Immunity 2013 Apr 18;38(4):669-80. doi: 10.1016/j.immuni.2013.01.011.
Pratama, A; Ramiscal, RR; Silva, DG; Das, SK; Athanasopoulos, V; Fitch, J; Botelho, NK; Chang, PP; Hu, X; Hogan, JJ; Maña, P; Bernal, D; Korner, H; Yu, D; Goodnow, CC; Cook, MC; Vinuesa, CG
John Curtin School of Medical Research, Australian National University, Canberra, ACT 0200, Australia.

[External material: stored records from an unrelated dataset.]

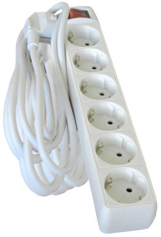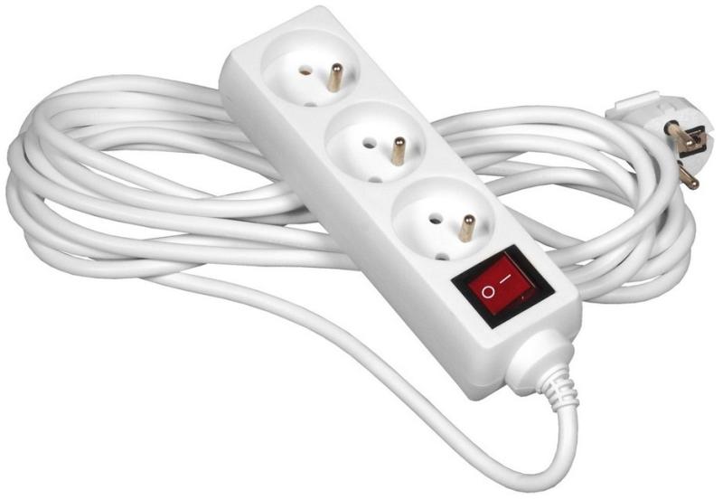 Gyakorlati hosszabbító, 3 fiókos. A kábel központi kapcsoló egyszerű és gyors lekötése a készüléket az elektromos hálózatról. Kábel hossza 5 m. Csomagolva egy zsák egy felfüggesztési rendszer. 250 V max 10A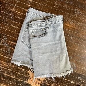 Flattering high waisted shorts in a mom-short style, with button fly and raw cut (intentionally frayed) hem. Approx 1” finished/stitched side slits provided a flattering shape and flare. Gray denim - very soft with relaxed fit. Shorts were factory distressed, so possible very light wear - but no visible defects. Perfect summer short and transitional to warmer fall weather!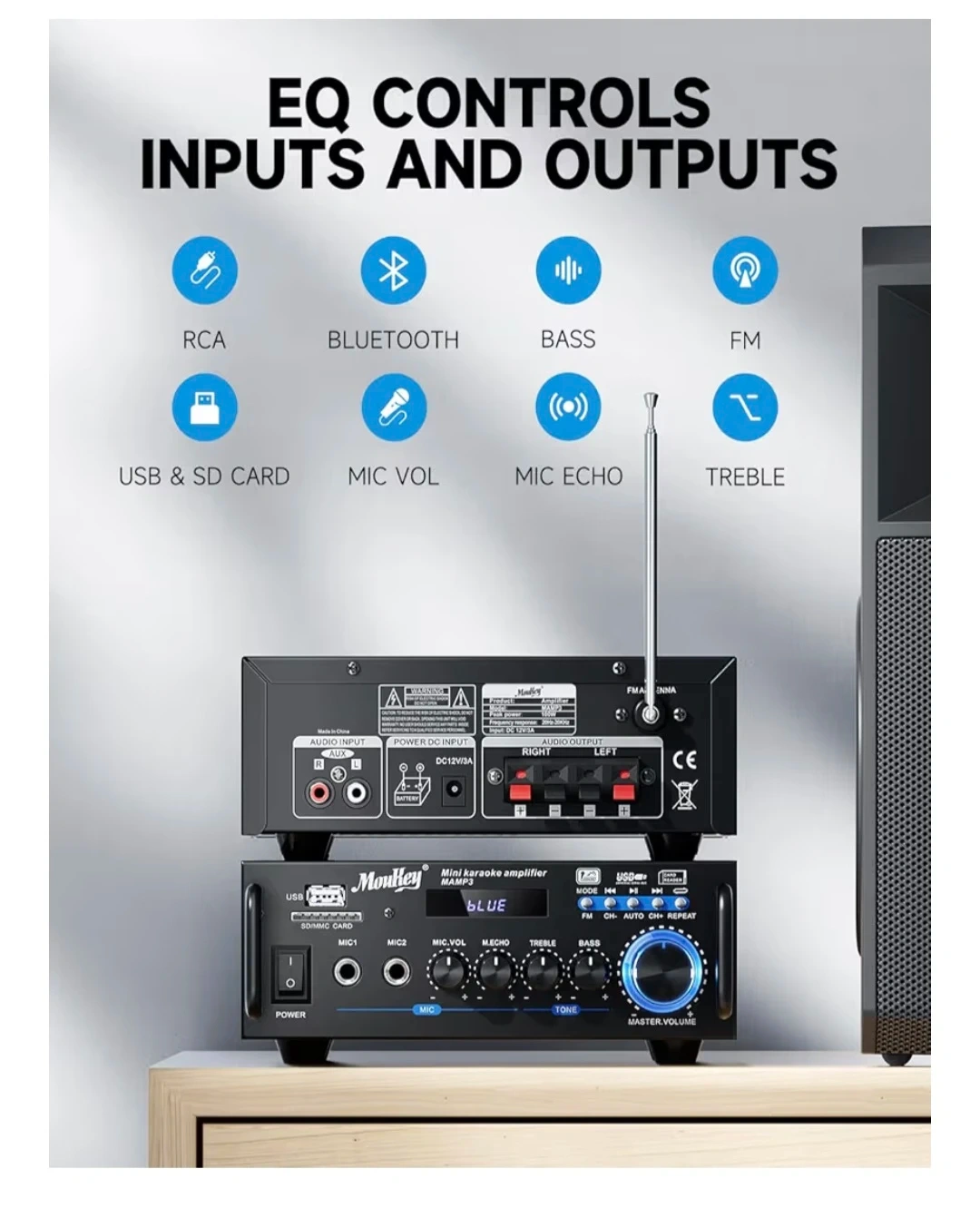 Selling a Moukey MAMP3 Mini Karaoke Amplifier! It's a Bluetooth 5.0 stereo amplifier with 2.0 channels, (Total Watts is 400)
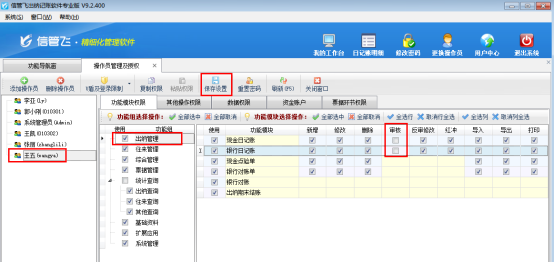 ????在功能導(dǎo)航窗選擇“系統(tǒng)管理”—》“操作員及授權(quán)”—》選擇操作員“王五”,在功能模塊權(quán)限中選擇“出納管理”,右側(cè)權(quán)限設(shè)置把現(xiàn)金日記賬和銀行日記賬的可審核權(quán)限的勾選符號取消,然后點(diǎn)擊“保存設(shè)置”按鈕進(jìn)行保存權(quán)限,如下圖1所示: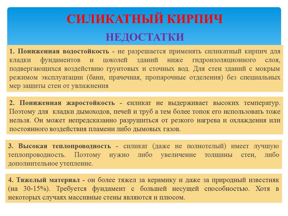 Несмотря на такое количество преимуществ, у силикатного кирпича есть и недостатки:

Accumulation of T follicular helper (Tfh) cells and proinflammatory cytokines drive autoantibody-mediated diseases. The RNA-binding protein Roquin-1 (Rc3h1) represses the inducible costimulator ICOS and interferon-γ (IFN-γ) in T cells to prevent Tfh cell accumulation. Unlike Rc3h1(san) mice with a mutation in the ROQ domain of Roquin-1, mice lacking the protein, paradoxically do not display increased Tfh cells. Here we have analyzed mice with mutations that eliminate the RING domain from Roquin-1 or its paralog, Roquin-2 (Rc3h2). RING or ROQ mutations both disrupted Icos mRNA regulation by Roquin-1, but, unlike the ROQ mutant that still occupied mRNA-regulating stress granules, RING-deficient Roquin-1 failed to localize to stress granules and allowed Roquin-2 to compensate in the repression of ICOS and Tfh cells. These paralogs also targeted tumor necrosis factor (TNF) in nonlymphoid cells, ameliorating autoantibody-induced arthritis. The Roquin family emerges as a posttranscriptional brake in the adaptive and innate phases of antibody responses.